И манера говорить у каждого была под стать наружности. Человек в китайском халате говорил коротко, сжато, властно, повелительно; казалось, он привык приказывать. Мысль у него, едва возникнув в мозгу и дойдя до губ, отливалась в короткую, сжатую сентенцию. Он был человеком, который не только имел своё мнение, но и был убеждён, что оно одно правильно и потому ему надлежит следовать; он хотел навязать его всем. Молодой человек, напротив, в речи то и дело перескакивал с одного на другое; приходил в возбуждение из-за всякой безделицы; горячился, принимал трагический тон, и тогда красные пятна проступали всё резче, в глазах появлялись странные вспышки; он размахивал руками, шевелил пальцами, сжимал кулак, весь метался...

— Повторяю: жизнь во сне — нечто странно таинственное. Душа тогда освобождается от пут времени и мерит события иной мерой. Порою она проживает жизнь длиною в месяцы и месяцы, даже в годы и годы, в бесконечно малую долю времени — за полсекунды, за одну секунду. Из этого следует, что жизнь души совершенно отлична от жизни тела. Жизнь тела исчисляется от рассвета до заката и от заката до рассвета, днями, месяцами, годами; а жизнь души, напротив... — Он вдруг осёкся.

Человек с серыми глазами рассмеялся; смех у него был язвительный.

— Не продолжаешь? — спросил он.

— Мне недостаёт термина.

— Или понятия. Безумец! У человека нет души. Он хищное животное, — изрёк человек с серыми глазами.

У молодого человека пятна на лице проступили ещё резче.

— Она у меня есть.
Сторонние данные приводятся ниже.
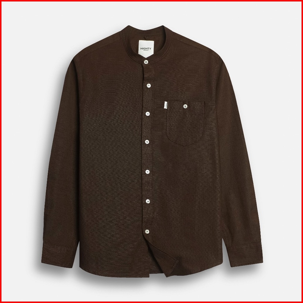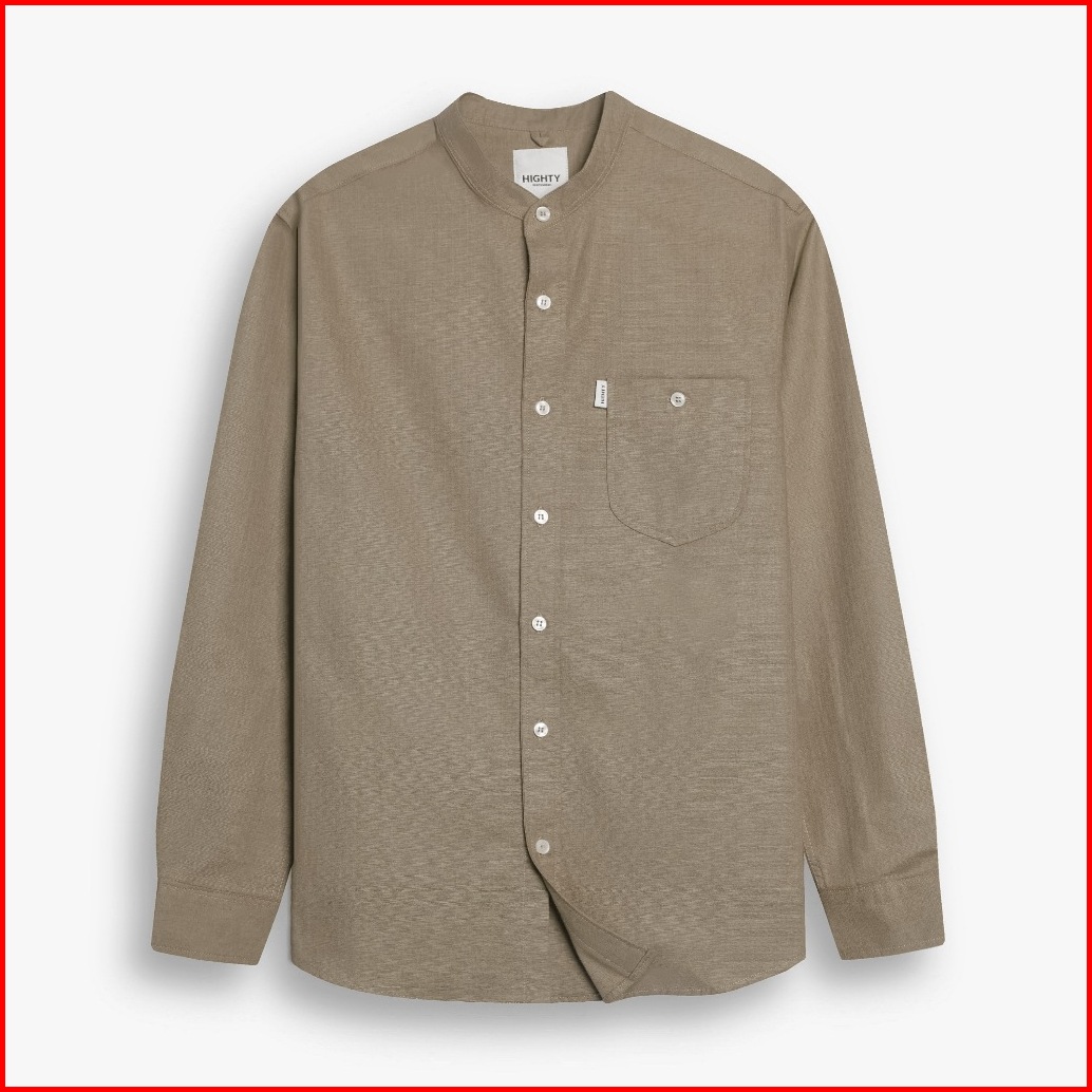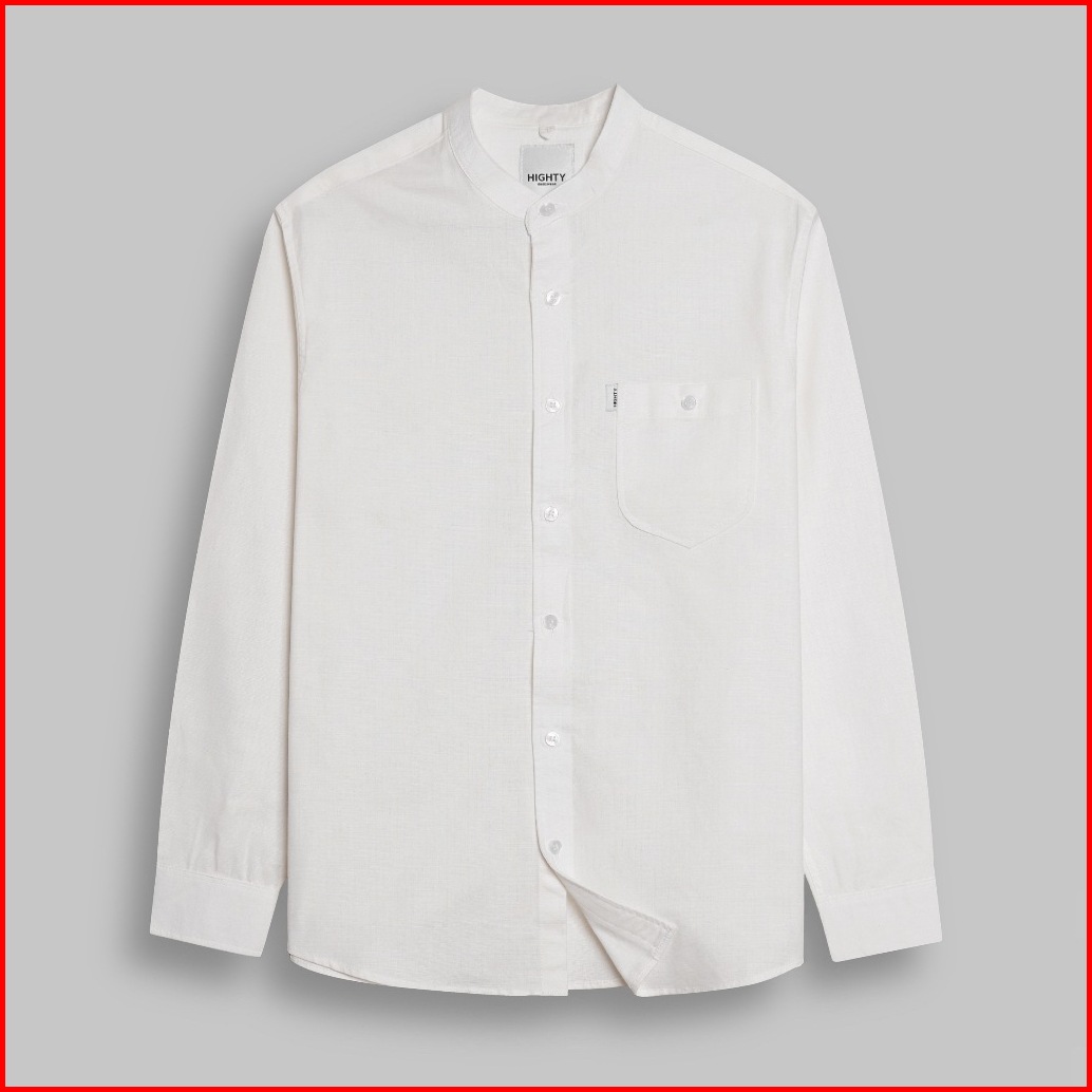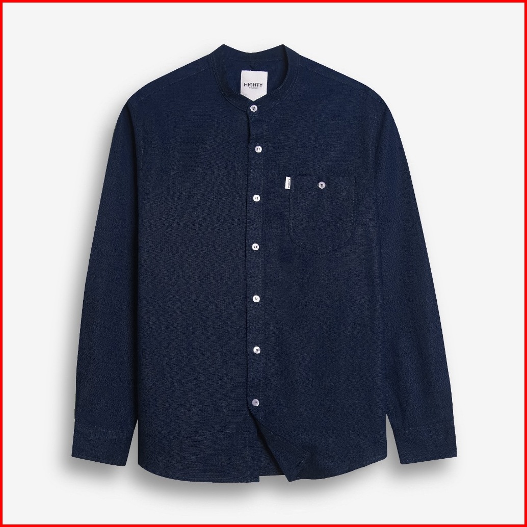 Highty Plain Mandarin Long Sleeve Shirt Kemeja Pria Lengan Panjang Polos Kerah Shanghai Katun
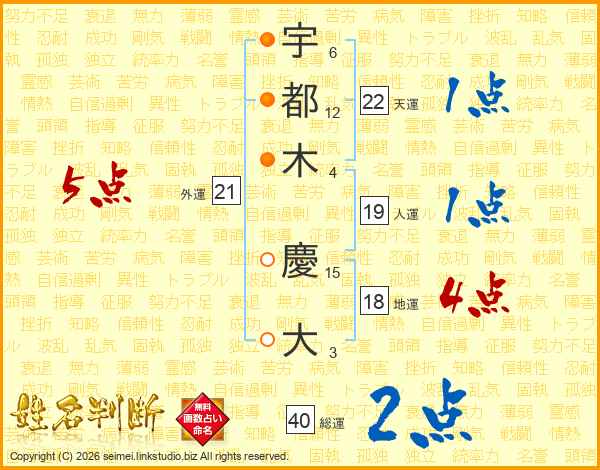 宇(6画)都(12画)木(4画) 慶(15画)大(3画)

Я её чувствую! — воскликнул он убеждённо.

— Тогда постригись в монахи!

Молодой человек сделал насмешливый жест.

— Я изучаю философию. Именно потому, что у меня есть душа, я атеист, я антиклерикал, я анархист! — воскликнул он. — Как я должен ненавидеть всех, кто хотел бы заковать моё тело, так должен ненавидеть и религию: она заковывает мой дух. Ничей раб — ни душою, ни телом!

— Так. А между тем, когда так нужны люди, чтобы нести в народ наши идеи, наши здравые и святые начала, ты теряешь время на философию, — с насмешкой заметил другой.

— Я работаю.

— Что же ты делаешь?

— Говорю! Распространяю наши идеи…

— Болтунов нам не надо. Нам нужны люди дела!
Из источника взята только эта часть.